- _THE TASK_
Set down all of the entries below exactly, and omit the pictures.

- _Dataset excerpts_
☆ ☆ ☆ ☆

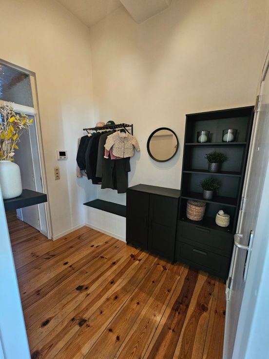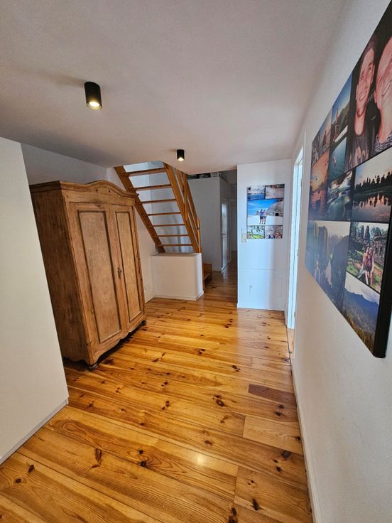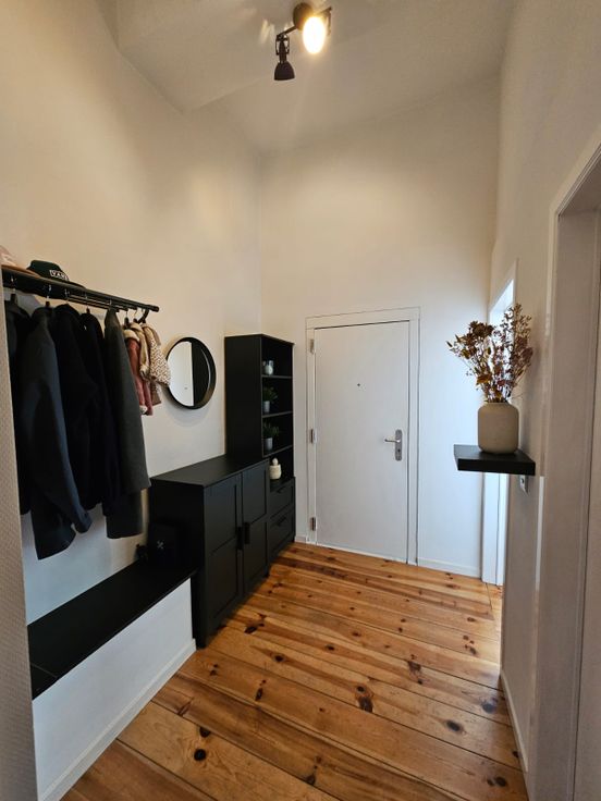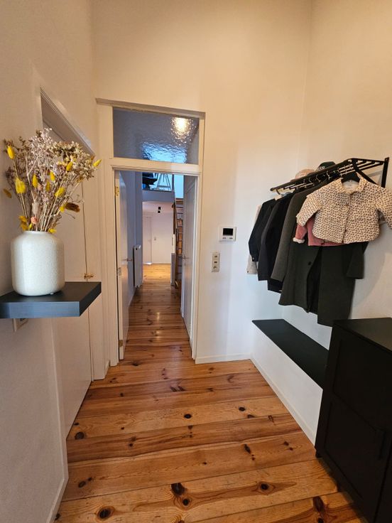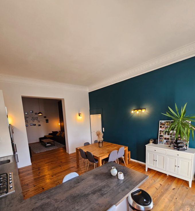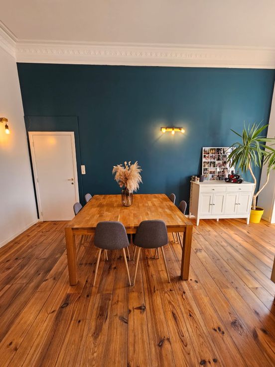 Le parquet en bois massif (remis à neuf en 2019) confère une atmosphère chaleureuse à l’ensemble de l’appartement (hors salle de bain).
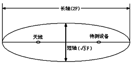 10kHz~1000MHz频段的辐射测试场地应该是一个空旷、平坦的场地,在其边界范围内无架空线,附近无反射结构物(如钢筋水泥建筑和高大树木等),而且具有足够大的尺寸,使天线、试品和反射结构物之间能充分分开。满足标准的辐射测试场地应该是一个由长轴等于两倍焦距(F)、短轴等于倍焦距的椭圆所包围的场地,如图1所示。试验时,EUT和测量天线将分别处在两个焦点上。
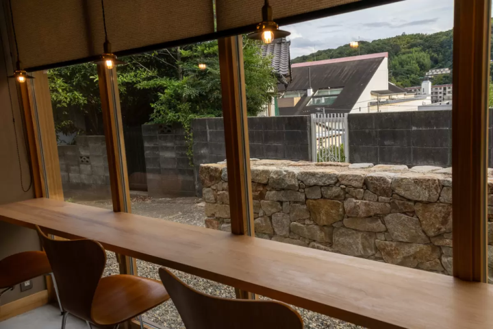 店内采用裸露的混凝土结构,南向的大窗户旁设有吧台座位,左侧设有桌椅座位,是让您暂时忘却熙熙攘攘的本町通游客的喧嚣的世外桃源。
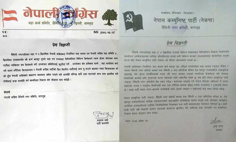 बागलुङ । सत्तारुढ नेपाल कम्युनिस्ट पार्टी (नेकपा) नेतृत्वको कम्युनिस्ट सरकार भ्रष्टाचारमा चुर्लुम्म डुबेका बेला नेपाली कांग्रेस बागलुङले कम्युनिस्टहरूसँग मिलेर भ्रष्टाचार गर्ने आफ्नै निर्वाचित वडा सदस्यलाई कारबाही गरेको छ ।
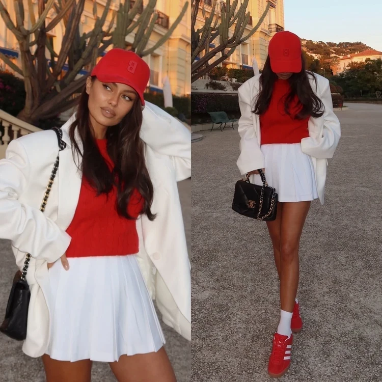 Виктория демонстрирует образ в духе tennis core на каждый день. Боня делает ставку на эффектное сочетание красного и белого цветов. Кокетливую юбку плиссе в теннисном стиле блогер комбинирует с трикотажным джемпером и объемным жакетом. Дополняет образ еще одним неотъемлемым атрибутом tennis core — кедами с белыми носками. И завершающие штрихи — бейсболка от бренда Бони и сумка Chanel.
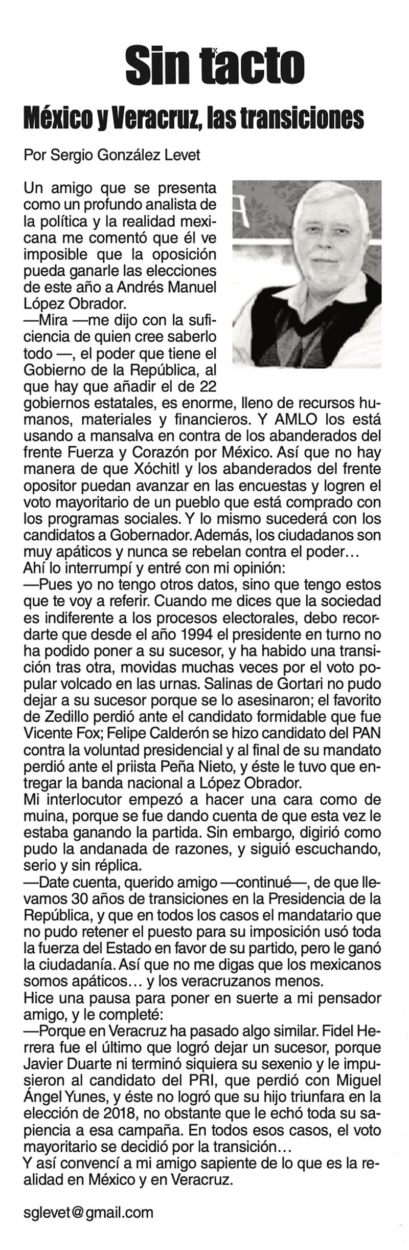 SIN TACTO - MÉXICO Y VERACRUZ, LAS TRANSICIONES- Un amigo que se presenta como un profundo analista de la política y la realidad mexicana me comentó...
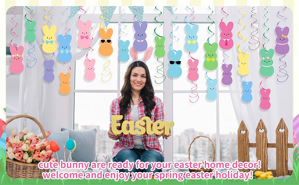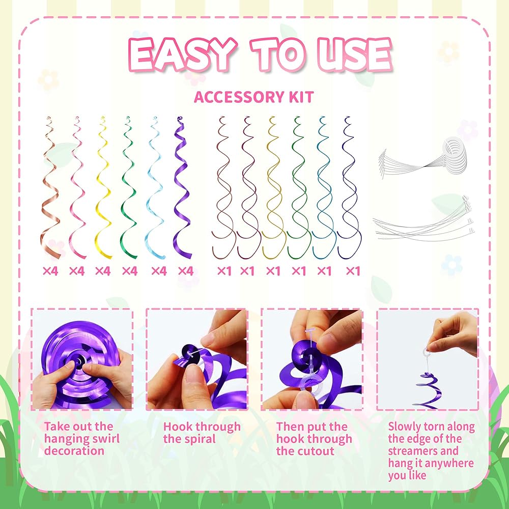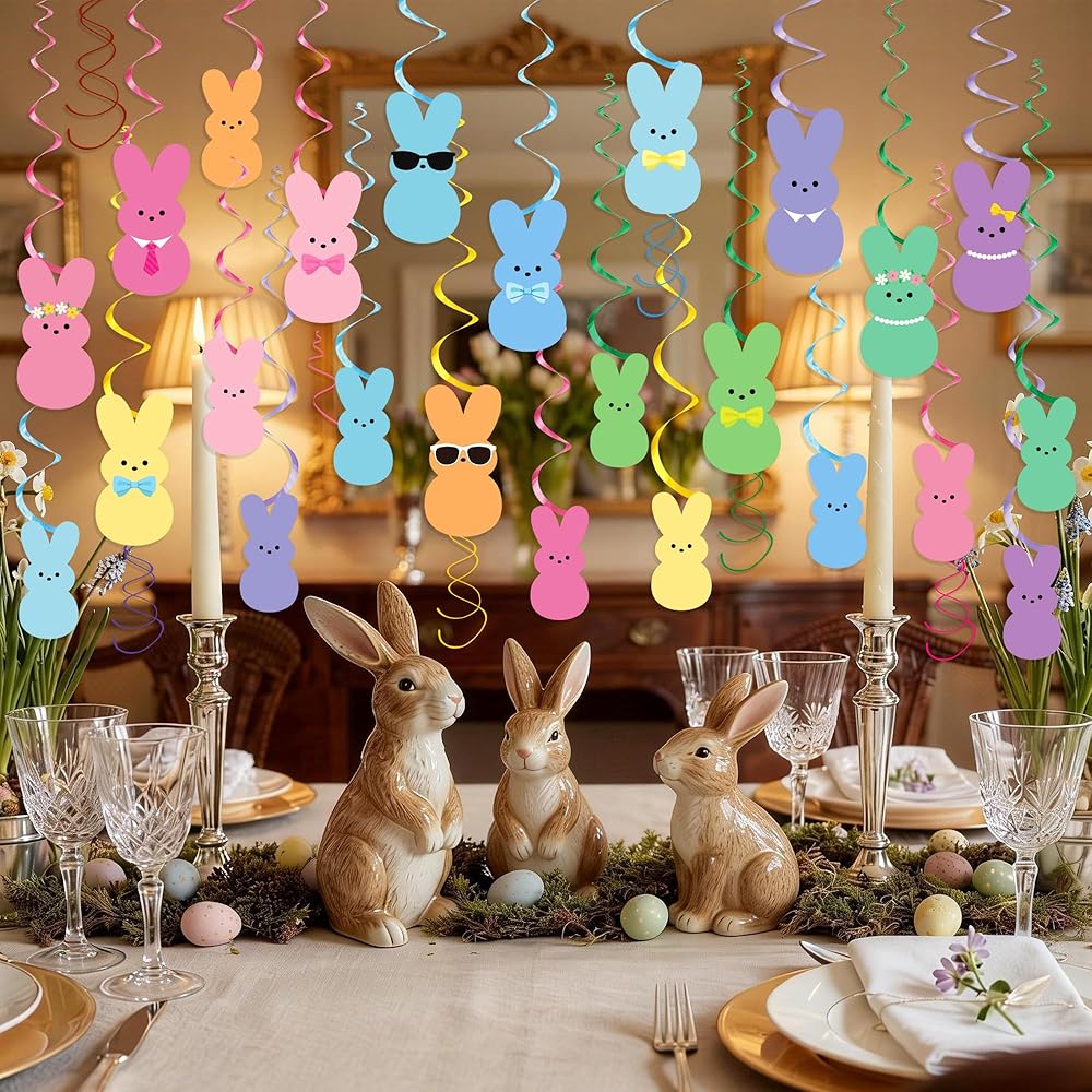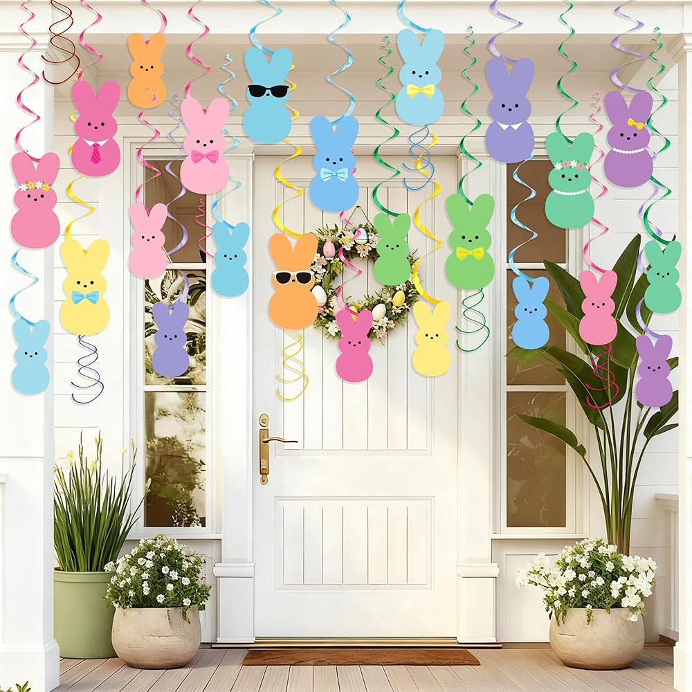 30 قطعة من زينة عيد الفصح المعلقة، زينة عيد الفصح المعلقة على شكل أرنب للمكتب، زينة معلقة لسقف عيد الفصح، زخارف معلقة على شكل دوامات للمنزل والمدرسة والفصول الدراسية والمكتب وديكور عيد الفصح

☆ ☆ ☆ ☆

- _REPLY_
 Le parquet en bois massif (remis à neuf en 2019) confère une atmosphère chaleureuse à l’ensemble de l’appartement (hors salle de bain).
 10kHz~1000MHz频段的辐射测试场地应该是一个空旷、平坦的场地,在其边界范围内无架空线,附近无反射结构物(如钢筋水泥建筑和高大树木等),而且具有足够大的尺寸,使天线、试品和反射结构物之间能充分分开。满足标准的辐射测试场地应该是一个由长轴等于两倍焦距(F)、短轴等于倍焦距的椭圆所包围的场地,如图1所示。试验时,EUT和测量天线将分别处在两个焦点上。
 店内采用裸露的混凝土结构,南向的大窗户旁设有吧台座位,左侧设有桌椅座位,是让您暂时忘却熙熙攘攘的本町通游客的喧嚣的世外桃源。
 बागलुङ । सत्तारुढ नेपाल कम्युनिस्ट पार्टी (नेकपा) नेतृत्वको कम्युनिस्ट सरकार भ्रष्टाचारमा चुर्लुम्म डुबेका बेला नेपाली कांग्रेस बागलुङले कम्युनिस्टहरूसँग मिलेर भ्रष्टाचार गर्ने आफ्नै निर्वाचित वडा सदस्यलाई कारबाही गरेको छ ।
 Виктория демонстрирует образ в духе tennis core на каждый день. Боня делает ставку на эффектное сочетание красного и белого цветов. Кокетливую юбку плиссе в теннисном стиле блогер комбинирует с трикотажным джемпером и объемным жакетом. Дополняет образ еще одним неотъемлемым атрибутом tennis core — кедами с белыми носками. И завершающие штрихи — бейсболка от бренда Бони и сумка Chanel.
 SIN TACTO - MÉXICO Y VERACRUZ, LAS TRANSICIONES- Un amigo que se presenta como un profundo analista de la política y la realidad mexicana me comentó...
 30 قطعة من زينة عيد الفصح المعلقة، زينة عيد الفصح المعلقة على شكل أرنب للمكتب، زينة معلقة لسقف عيد الفصح، زخارف معلقة على شكل دوامات للمنزل والمدرسة والفصول الدراسية والمكتب وديكور عيد الفصح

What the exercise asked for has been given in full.